Since there is a relationship from a project to its tasks, we can do the simpler:

```python
project = Project(tasks=[Task(), Task()])
session.add(project)
session.commit()
```

The official doc propose to use **cascade="all, delete-orphan"** in general, when you want to do cascade deletes. You can modify replace the cascade option with `all, delete-orphan` in the above code. You will notice the behavior is the same.


## 3. Database level cascades

The database also provides cascade delete on its level.
For example, for `postgres` we can add **ondelete="CASCADE"** to the `Task.prject_id` foreign key.
```postgresql
CREATE TABLE task
(
  id INT PRIMARY KEY,
  project_id INT NOT NULL REFERENCES project(id) ON DELETE CASCADE
);
```
After the creating the table, you can check the status of the table with below command

```bash
cascade> \d task
+------------+---------+----------------------------------------------------+
| Column     | Type    | Modifiers                                          |
|------------+---------+----------------------------------------------------|
| id         | integer |  not null default nextval('task_id_seq'::regclass) |
| project_id | integer |  not null                                          |
+------------+---------+----------------------------------------------------+
Indexes:
    "task_pkey" PRIMARY KEY, btree (id)
Foreign-key constraints:
    "task_project_id_fkey" FOREIGN KEY (project_id) REFERENCES project(id) ON DELETE CASCADE

Time: 0.020s
```


For `sqlite`, you can use below command to create the table

```sqlite
CREATE TABLE task
(
  id INTEGER PRIMARY KEY AUTOINCREMENT,
  project_id INTEGER NOT NULL,
  CONSTRAINT fk_projects
    FOREIGN KEY (project_id)
    REFERENCES project (id)
    ON DELETE CASCADE
);
```



### 3.1 SqlAlchemy orm config

If we only add ondelete="CASCADE" on the database level, however, we get another 'NotNullViolation' when running the code:

```text
sqlalchemy.exc.IntegrityError: (psycopg2.errors.NotNullViolation) null value
in column "project_id" violates not-null constraint
```

If we turn ORM-level cascades back on, declare victory and move on.
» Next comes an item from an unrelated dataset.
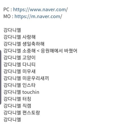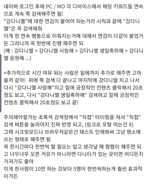 예시보면 알겠지만 강다니엘 → 강다니엘 사랑해 → 강다니엘 생일축하해 이런식으로 이어서 하면된대 여러 사람이 할수록 좋다니까 시간날 때마다 하자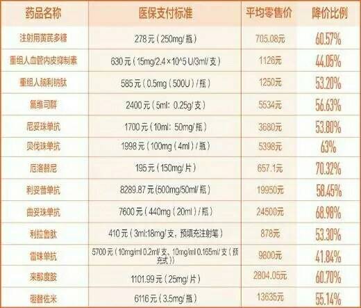 据了解,此前这些药品临床价值高但价格较贵,患者负担重。如乳腺癌靶向药曲妥珠单抗,2016年国内市场价格约为每单位24500元。此次谈判后,曲妥珠单抗进入医保药品目录后的支付标准降至每单位7600元,降幅约为69%。考虑到进入乙类目录后,医保基金将支付70%多的费用,患者个人负担的费用进一步减轻。

The ondelete="CASCADE" might remain, but it is never used since the ORM will have done the deletions before the database gets a chance.
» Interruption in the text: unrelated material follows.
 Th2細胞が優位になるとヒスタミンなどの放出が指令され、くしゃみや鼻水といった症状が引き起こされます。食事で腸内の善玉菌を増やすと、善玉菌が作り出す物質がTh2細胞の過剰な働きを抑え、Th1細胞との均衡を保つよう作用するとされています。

**The integrity error happens because the ORM still sets the project_id of each task to None**. To make the ondelete="CASCADE" works, we need to additionally set `passive_deletes=True` on the `Project.tasks` relationship, which disables the ORM from loading each related task and setting project_id to None.

```python
class Project(Base):
    __tablename__ = "project"
    id = Column(Integer, primary_key=True)
    tasks = relationship("Task", back_populates="project", passive_deletes=True)


class Task(Base):
    __tablename__ = "task"
    id = Column(Integer, primary_key=True)
    project_id = Column(
        Integer, ForeignKey("project.id", ondelete="CASCADE"), nullable=False
    )
    project = relationship("Project", back_populates="tasks")

```

## ORM level VS Database level

Pros of Database level cascade delete:
1. Performance: The SQLAlchemy documentation says: **Database level ON DELETE cascade is vastly more efficient than that of SQLAlchemy**.
2. Cover all: If you use sql query directly in sqlalchemy, the cascade delete will still happen. (Not for the ORM level)

When to Use ORM level?
1. Maybe you have an existing schema that you're not free to change for some reason, but you still want automatic cascade deletes in your code.
2. One of the models you'd like to cascade uses joined table inheritance and you want to avoid a "half deleted" object.
3. Some databases don't support (or don't support by default) FOREIGN KEY, and therefore ON DELETE CASCADE.
4. Maybe delete was added for completeness along with the other cascade behaviors that only make sense in the context of an ORM.